WHAT IS NEEDED
This task requires every entry to be set down again exactly.

DATA FOR THE TASK

• • • •

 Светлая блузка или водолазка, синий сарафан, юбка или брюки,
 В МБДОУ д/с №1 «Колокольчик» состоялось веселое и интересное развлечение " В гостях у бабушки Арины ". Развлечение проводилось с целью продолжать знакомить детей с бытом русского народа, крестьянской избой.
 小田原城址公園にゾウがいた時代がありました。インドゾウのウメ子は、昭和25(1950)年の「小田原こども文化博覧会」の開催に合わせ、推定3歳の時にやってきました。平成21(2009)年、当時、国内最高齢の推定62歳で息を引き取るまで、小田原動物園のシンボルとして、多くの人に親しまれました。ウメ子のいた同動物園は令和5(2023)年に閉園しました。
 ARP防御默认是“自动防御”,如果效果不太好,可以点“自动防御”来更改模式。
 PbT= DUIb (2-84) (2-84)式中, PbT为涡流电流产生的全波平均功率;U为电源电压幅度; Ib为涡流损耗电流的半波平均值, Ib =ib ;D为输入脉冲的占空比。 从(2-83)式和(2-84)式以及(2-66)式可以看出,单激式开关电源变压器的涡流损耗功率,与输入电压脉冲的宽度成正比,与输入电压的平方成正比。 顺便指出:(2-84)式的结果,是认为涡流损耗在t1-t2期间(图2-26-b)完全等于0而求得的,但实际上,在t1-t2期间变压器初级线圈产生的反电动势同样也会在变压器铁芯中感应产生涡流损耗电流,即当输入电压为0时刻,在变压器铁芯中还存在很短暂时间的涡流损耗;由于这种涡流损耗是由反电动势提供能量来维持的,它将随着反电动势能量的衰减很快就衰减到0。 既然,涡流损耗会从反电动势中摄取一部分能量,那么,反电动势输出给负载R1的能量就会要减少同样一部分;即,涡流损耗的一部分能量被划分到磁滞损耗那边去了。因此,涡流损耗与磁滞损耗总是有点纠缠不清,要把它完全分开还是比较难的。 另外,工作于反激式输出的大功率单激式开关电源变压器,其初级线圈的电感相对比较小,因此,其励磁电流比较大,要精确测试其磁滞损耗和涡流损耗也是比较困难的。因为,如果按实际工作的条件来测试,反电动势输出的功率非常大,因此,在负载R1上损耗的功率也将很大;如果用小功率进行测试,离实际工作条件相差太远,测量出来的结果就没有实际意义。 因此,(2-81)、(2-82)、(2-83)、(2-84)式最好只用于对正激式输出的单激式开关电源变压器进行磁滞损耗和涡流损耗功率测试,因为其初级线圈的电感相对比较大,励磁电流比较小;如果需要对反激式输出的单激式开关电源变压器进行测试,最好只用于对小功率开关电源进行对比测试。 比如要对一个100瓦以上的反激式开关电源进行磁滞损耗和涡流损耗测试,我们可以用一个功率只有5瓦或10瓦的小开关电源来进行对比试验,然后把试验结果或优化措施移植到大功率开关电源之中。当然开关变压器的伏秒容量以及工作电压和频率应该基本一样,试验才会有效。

• • • •

ANSWER FOR THIS EXERCISE
 Светлая блузка или водолазка, синий сарафан, юбка или брюки,
 В МБДОУ д/с №1 «Колокольчик» состоялось веселое и интересное развлечение " В гостях у бабушки Арины ". Развлечение проводилось с целью продолжать знакомить детей с бытом русского народа, крестьянской избой.
 小田原城址公園にゾウがいた時代がありました。インドゾウのウメ子は、昭和25(1950)年の「小田原こども文化博覧会」の開催に合わせ、推定3歳の時にやってきました。平成21(2009)年、当時、国内最高齢の推定62歳で息を引き取るまで、小田原動物園のシンボルとして、多くの人に親しまれました。ウメ子のいた同動物園は令和5(2023)年に閉園しました。
 ARP防御默认是“自动防御”,如果效果不太好,可以点“自动防御”来更改模式。
 PbT= DUIb (2-84) (2-84)式中, PbT为涡流电流产生的全波平均功率;U为电源电压幅度; Ib为涡流损耗电流的半波平均值, Ib =ib ;D为输入脉冲的占空比。 从(2-83)式和(2-84)式以及(2-66)式可以看出,单激式开关电源变压器的涡流损耗功率,与输入电压脉冲的宽度成正比,与输入电压的平方成正比。 顺便指出:(2-84)式的结果,是认为涡流损耗在t1-t2期间(图2-26-b)完全等于0而求得的,但实际上,在t1-t2期间变压器初级线圈产生的反电动势同样也会在变压器铁芯中感应产生涡流损耗电流,即当输入电压为0时刻,在变压器铁芯中还存在很短暂时间的涡流损耗;由于这种涡流损耗是由反电动势提供能量来维持的,它将随着反电动势能量的衰减很快就衰减到0。 既然,涡流损耗会从反电动势中摄取一部分能量,那么,反电动势输出给负载R1的能量就会要减少同样一部分;即,涡流损耗的一部分能量被划分到磁滞损耗那边去了。因此,涡流损耗与磁滞损耗总是有点纠缠不清,要把它完全分开还是比较难的。 另外,工作于反激式输出的大功率单激式开关电源变压器,其初级线圈的电感相对比较小,因此,其励磁电流比较大,要精确测试其磁滞损耗和涡流损耗也是比较困难的。因为,如果按实际工作的条件来测试,反电动势输出的功率非常大,因此,在负载R1上损耗的功率也将很大;如果用小功率进行测试,离实际工作条件相差太远,测量出来的结果就没有实际意义。 因此,(2-81)、(2-82)、(2-83)、(2-84)式最好只用于对正激式输出的单激式开关电源变压器进行磁滞损耗和涡流损耗功率测试,因为其初级线圈的电感相对比较大,励磁电流比较小;如果需要对反激式输出的单激式开关电源变压器进行测试,最好只用于对小功率开关电源进行对比测试。 比如要对一个100瓦以上的反激式开关电源进行磁滞损耗和涡流损耗测试,我们可以用一个功率只有5瓦或10瓦的小开关电源来进行对比试验,然后把试验结果或优化措施移植到大功率开关电源之中。当然开关变压器的伏秒容量以及工作电压和频率应该基本一样,试验才会有效。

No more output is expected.